Some common property and function names are abbreviated in `invariant-abstract`
and similar large sessions. Abbreviations are faster to type, but can get
confusing. If in doubt, write out the name of the property instead of
introducing a new abbreviation. It's easier to find.

Some examples are:

* `typ_at` for `λs. P (typ_at T s)`


#### Function name abbreviations

* `sts` for `set_thread_state`
* `sts'` for `setThreadState`
* there are many more, please raise pull requests to make this a more comprehensive list


### Corres rules

Corres rules (from "correspondence") are used in refinement proofs to show
correspondence between an abstract and a concrete function or operator.
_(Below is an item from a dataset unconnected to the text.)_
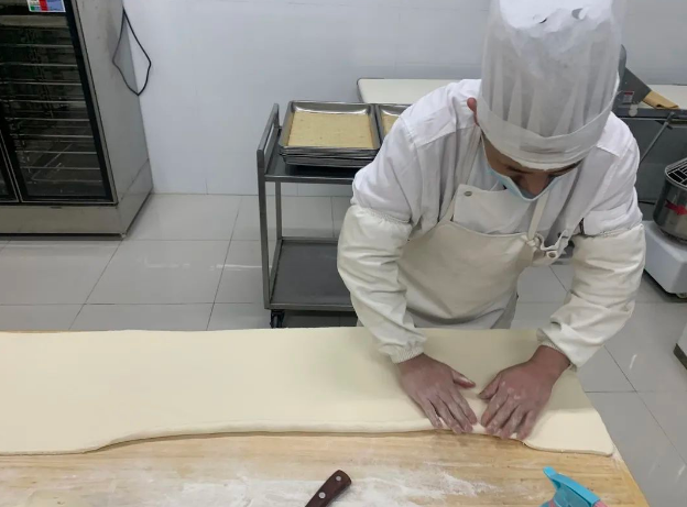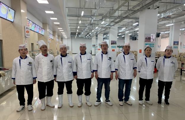 每天晨会后,餐饮中心全体员工都要穿着好工作服、佩戴帽子、口罩、手套进入厨房工作间,按照各自的工作任务开始准备当天的工作。
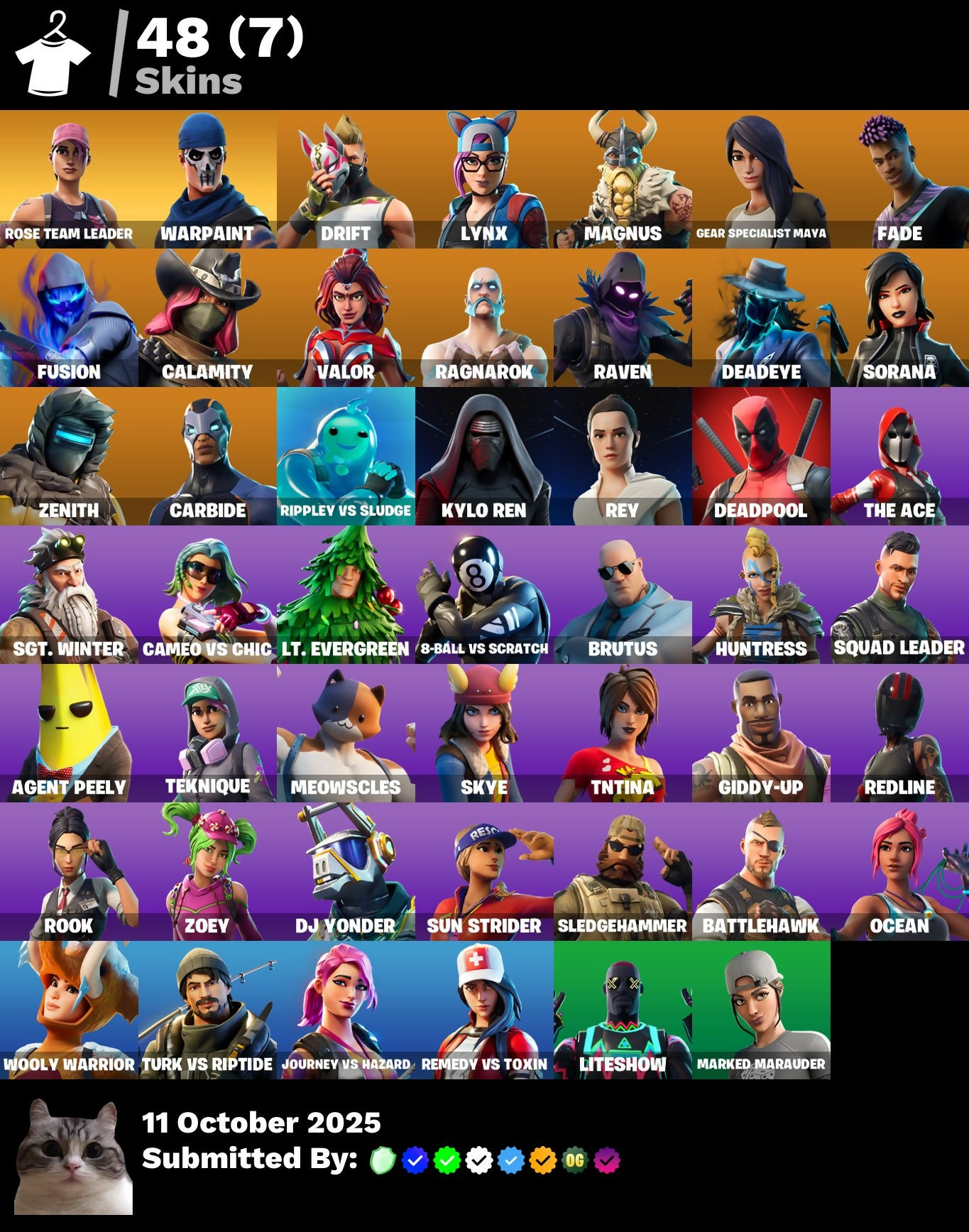 48 Skins โญ๏ธ OG STW - Drift - Deadpool - Zoey - Orange Justice - Calamity - Lynx - Skye - Rook - Meowscles - Redline - TNTina - Agent Peely - Ocean - Deadeye

There are two refinement/correspondence frameworks in `l4v`, one for proofs
between monadic functions, and one for proofs between monadic functions and C
(or Simpl functions, to be precise). The former are called `corres`, the latter
`ccorres`. Both frameworks have `corres_underlying` / `ccorres_underlying`
definition that is instantiated to a `corres` / `ccorres` predicate by
abbreviation.

* General lemmas about `corres_underlying` that are directly used in program
  proofs are called `_corres` despite their more general nature. Exceptions are
  lemmas that are only used to build up the library internally, but are not used
  for program proofs.

* `corres_op` is for "built-in" operators and functions of the state monad such
  as `return`, `get`, `bind`, `when`, etc. Examples are `corres_get`,
  `corres_return`.

* `function_corres` is for correspondence proofs between an abstract and a
  concrete function. Often these functions have the same name, the abstract in
  `underscore_style` the concrete in `CamelCase`. The lemma should use the
  concrete name for function (this is currently too random and should converge
  more).

* same as for Hoare triples, the function name can be abbreviated (see above).